Oxford Gene Technology (OGT), the molecular genetics company, today announces the launch of the SureSeq™ Myeloid Panel, a highly sensitive next generation sequencing (NGS) panel able to detect mutational changes in 25 genes in one comprehensive assay. The panel replaces the existing procedure of sequential analysis of single genes, to reduce the time and cost associated with identifying myeloproliferative neoplasms (MPNs), a group of diseases that cause abnormal blood cell production.

Combined with OGT’s Cytocell fluorescence in situ hybridisation (FISH) probes, the panel is part of a complete solution for understanding the causes of myeloid disease. FISH probes can be used as a first molecular technique to rule out chronic myeloid leukaemia (CML) and other confounding disorders, after which, the SureSeq Myeloid panel can be used instead of existing sequential single-gene assays to further research the genetic causes of the disease.

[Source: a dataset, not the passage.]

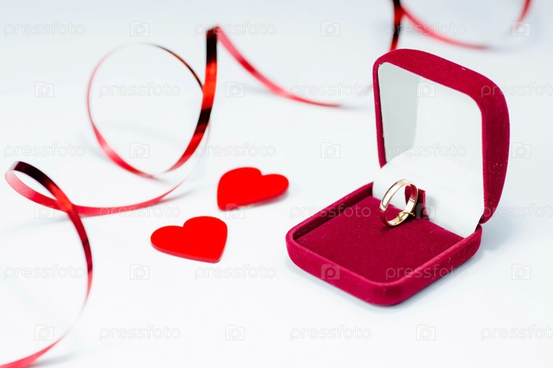 Золотое кольцо, обручальное кольцо в красной коробке и красное сердце на бело-красном фоне с красивым боке. Момент свадьбы, юбилея, помолвки или Дня святого Валентина. Счастливый день

The highly sensitive panel overcomes the challenges posed by heterogeneous samples, which may contain very low quantities of causative genetic variants. Research has validated the panel to accurately detect alleles down to 1% minor allele fraction (MAF) at a read depth of >1000x. OGT has worked closely with cancer experts including Professor Nick Cross (Director of the Wessex National Genetics Reference Laboratory, UK) and Mike Griffiths (Consultant Clinical Scientist at West Midlands Regional Genetics Laboratory, UK) to define the most up-to-date gene content for the panel.

Professor Nick Cross commented, “Currently the genetic characterisation of MPNs and related hereditary conditions can be time consuming and complex. The SureSeq panel should allow research into these disorders to become a much more standard procedure.”

Mike Evans, CEO of OGT commented, “Our SureSeq Myeloid Panel is part of OGT’s expanding NGS portfolio for cancer research, demonstrating OGT’s commitment to this important field. We look forward to announcing further new product developments, aimed at enhancing cancer detection and improving the laboratory workflow, over the next few months.”